[Source data]
..........
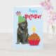 Bonne fête d'anniversaire avec ce design mignon avec un chiot Belge Sheepdog avec un cupcake d'anniversaire souriant et portant un casquette de fête. Le texte peut être facilement changé; il suffit de cliquer sur le bouton personnaliser.
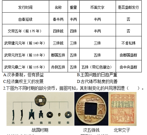 1.秦漢代發(fā)行鑄幣的基本情況如表。表中鑄幣變化反映出( )。
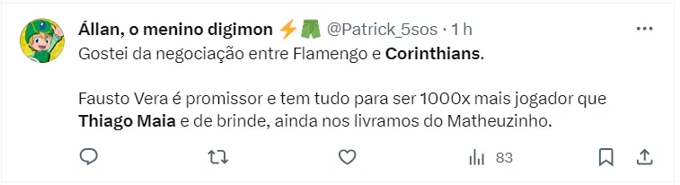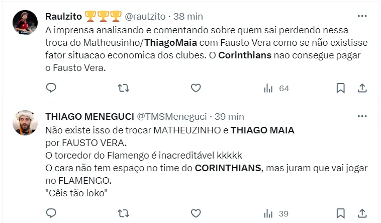 Entretanto, nenhuma proposta oficial ou qualquer um dos clubes confirmou essa negociação. Mas, o meio-campista já se antecipou e descartou a possibilidade de trocar o Rio de Janeiro por São Paulo. Thiago Maia quer permanecer no Flamengo em 2024.
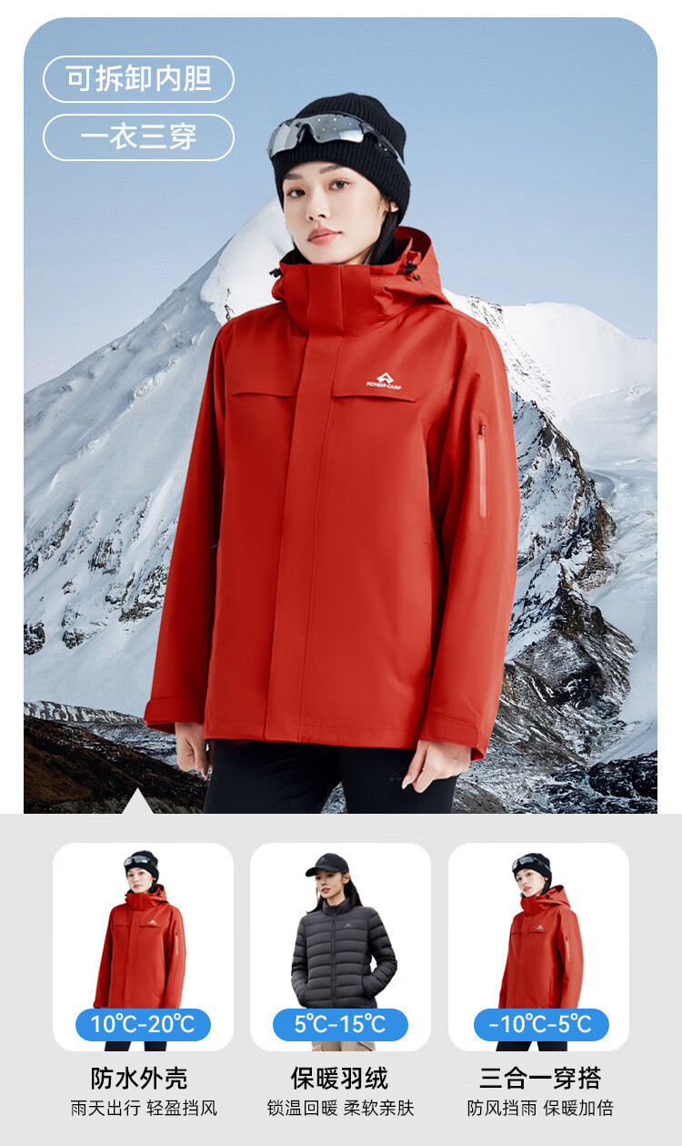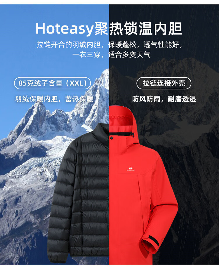 로드 댄서 야외 3 대 1 충전 옷 여성 다운 라이너 가을 및 겨울 따뜻한 방비 방풍 재킷 등산 세트스토어 가기
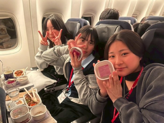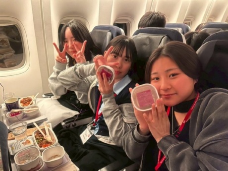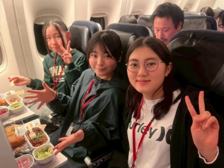 成田空港から約9時間半の長いフライトを経て、現地時間7日午前9時頃、オークランド空港に到着しました。フライト中は、各自が機内食や映画鑑賞など思いのままに過ごし、空の旅を満喫していました。
..........
▸ Work order: Return each line above exactly; any pictures are to be skipped.

▸ Final answer:
 Bonne fête d'anniversaire avec ce design mignon avec un chiot Belge Sheepdog avec un cupcake d'anniversaire souriant et portant un casquette de fête. Le texte peut être facilement changé; il suffit de cliquer sur le bouton personnaliser.
 1.秦漢代發(fā)行鑄幣的基本情況如表。表中鑄幣變化反映出( )。
 Entretanto, nenhuma proposta oficial ou qualquer um dos clubes confirmou essa negociação. Mas, o meio-campista já se antecipou e descartou a possibilidade de trocar o Rio de Janeiro por São Paulo. Thiago Maia quer permanecer no Flamengo em 2024.
 로드 댄서 야외 3 대 1 충전 옷 여성 다운 라이너 가을 및 겨울 따뜻한 방비 방풍 재킷 등산 세트스토어 가기
 成田空港から約9時間半の長いフライトを経て、現地時間7日午前9時頃、オークランド空港に到着しました。フライト中は、各自が機内食や映画鑑賞など思いのままに過ごし、空の旅を満喫していました。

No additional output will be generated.